| Task to complete |
Pull out of the data below the stretch of lines bounded by the one containing "全國水利系統(tǒng)用戶" and the one containing "-. Feature : This", both bounds included, unchanged.

| Given data |
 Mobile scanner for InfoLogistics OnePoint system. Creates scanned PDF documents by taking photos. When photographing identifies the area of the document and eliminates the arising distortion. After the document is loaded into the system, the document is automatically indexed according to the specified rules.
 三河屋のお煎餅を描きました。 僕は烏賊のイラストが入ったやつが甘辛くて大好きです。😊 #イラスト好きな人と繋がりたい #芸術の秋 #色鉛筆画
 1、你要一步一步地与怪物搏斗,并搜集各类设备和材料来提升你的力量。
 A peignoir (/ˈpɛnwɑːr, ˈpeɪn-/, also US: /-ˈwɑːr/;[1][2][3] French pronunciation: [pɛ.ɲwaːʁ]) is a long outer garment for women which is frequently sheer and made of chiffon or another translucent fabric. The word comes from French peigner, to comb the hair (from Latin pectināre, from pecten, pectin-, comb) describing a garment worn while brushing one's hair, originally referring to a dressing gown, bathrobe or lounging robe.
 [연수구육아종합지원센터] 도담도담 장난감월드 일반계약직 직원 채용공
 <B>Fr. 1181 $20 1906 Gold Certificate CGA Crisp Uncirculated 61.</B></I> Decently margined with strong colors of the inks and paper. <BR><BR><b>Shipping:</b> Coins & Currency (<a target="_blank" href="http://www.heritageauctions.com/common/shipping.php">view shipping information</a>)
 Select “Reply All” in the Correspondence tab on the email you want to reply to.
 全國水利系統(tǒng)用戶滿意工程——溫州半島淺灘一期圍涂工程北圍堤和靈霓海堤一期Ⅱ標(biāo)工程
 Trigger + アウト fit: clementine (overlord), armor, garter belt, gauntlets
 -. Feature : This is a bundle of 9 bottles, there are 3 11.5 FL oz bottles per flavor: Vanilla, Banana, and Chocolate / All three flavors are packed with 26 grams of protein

==

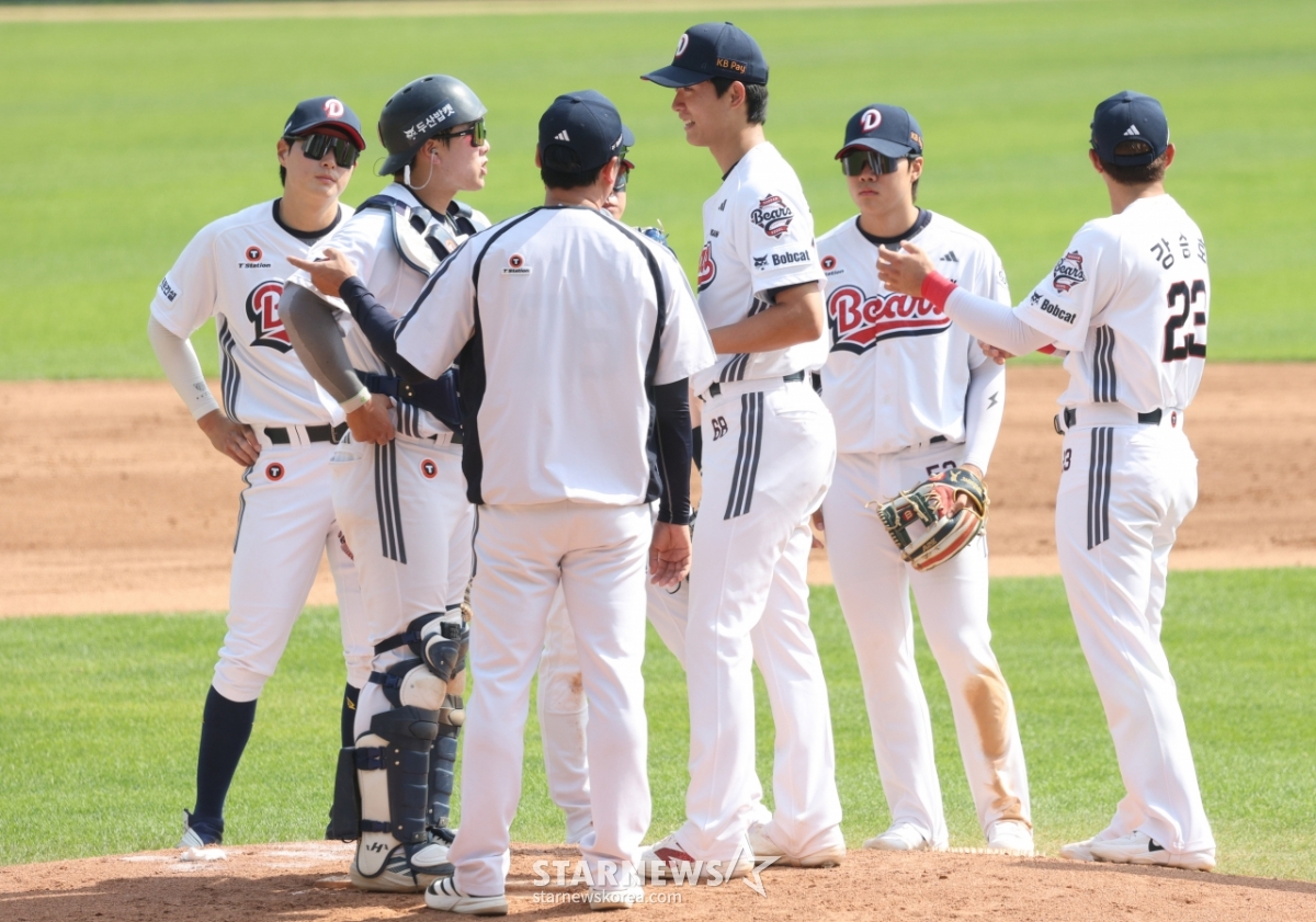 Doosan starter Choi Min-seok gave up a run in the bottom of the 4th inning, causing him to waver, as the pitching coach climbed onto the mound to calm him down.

| Written answer |
 全國水利系統(tǒng)用戶滿意工程——溫州半島淺灘一期圍涂工程北圍堤和靈霓海堤一期Ⅱ標(biāo)工程
 Trigger + アウト fit: clementine (overlord), armor, garter belt, gauntlets
 -. Feature : This is a bundle of 9 bottles, there are 3 11.5 FL oz bottles per flavor: Vanilla, Banana, and Chocolate / All three flavors are packed with 26 grams of protein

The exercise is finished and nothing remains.